Louis Michel Halbou (1730–1809) was a French draughtsman and engraver of the pre-Romantic period, specialising in burin. His work can be found in several public collections such as the Edmond de Rothschild prints collection in the Louvre, the Musée du château de Versailles et du Trianon, the Art Institute of Chicago and the Wellcome Trust.

==Life==
Few details survive of Halbou's biography. Émile Bellier de La Chavignerie states he was born in Paris in 1730 and calls him a "student [ie apprentice] of Nicolas-Gabriel Dupuis", whilst another source adds that he must have had quite a long apprenticeship since his art was "flourishing around 1760". He completed several etchings designed by others and also sometimes drew vignettes (after Marillier).
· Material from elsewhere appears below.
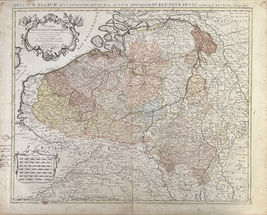 Kopergravure met handkleuring van Guillaume de l’Isle (1675–1726), ca. 1710, getiteld Carte des Pays Bas Catholiques. Uitgevoerd op handgeschept papier met siercartouche, schaalverdeling in regionale lengtematen, en handgeschreven annotaties. De kaart toont de Zuidelijke Nederlanden met politieke indeling in kleur. Rechtsonder gesigneerd in de plaat met naam van de maker.
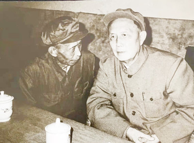 刘复初与原川滇黔边区游击纵队副大队长兰澄清亲切交谈。

He mainly worked in Paris, where he was active between 1763 and 1800. He lived on the Rive gauche "at a parasol merchant's at the Soleil d'or" on rue de la Comédie-Française, then on rue du Fouarre and finally on rue des Rats (1803), putting him near the print-shop quarter of the city. His students included Nicolas-Auguste Leisnier.
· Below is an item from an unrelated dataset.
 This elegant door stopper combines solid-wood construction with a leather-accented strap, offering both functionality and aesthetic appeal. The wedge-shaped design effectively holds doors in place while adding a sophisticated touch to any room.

The March 1763 edition of L'Avant-coureur and the 1768 Salon mention him by the name of "Louis Halbou", as does Hérissant, the Paris publisher of 39 plates by Halbou in a 1769 edition of Traité de vénerie by Goury de Champgrand. Halbou had some success engraving moral scenes after works by Jean-Michel Moreau, Jean-Honoré Fragonard and Johann Eleazar Schenau, with his prints sold by the "Veuve Chéreau", Marguerite-Geneviève Chiquet, who had opened a shop on rue Saint-Jacques under the sign of the Deux Piliers d'or. Beraldi mentions a 1792 receipt for 1600 livres, a "considerable sum for the time", signed by the merchant Laurent for Halbou's engraving after Adriaen van der Werff's La Madeleine dans sa retraite (Mary Magdalene in the Desert). Halbou also contributed to several collections of illustrations and his work is also to be found in the Cabinet Basan (1771), published by Ruault (1785), the Didot jeune (1789) and the Musée français.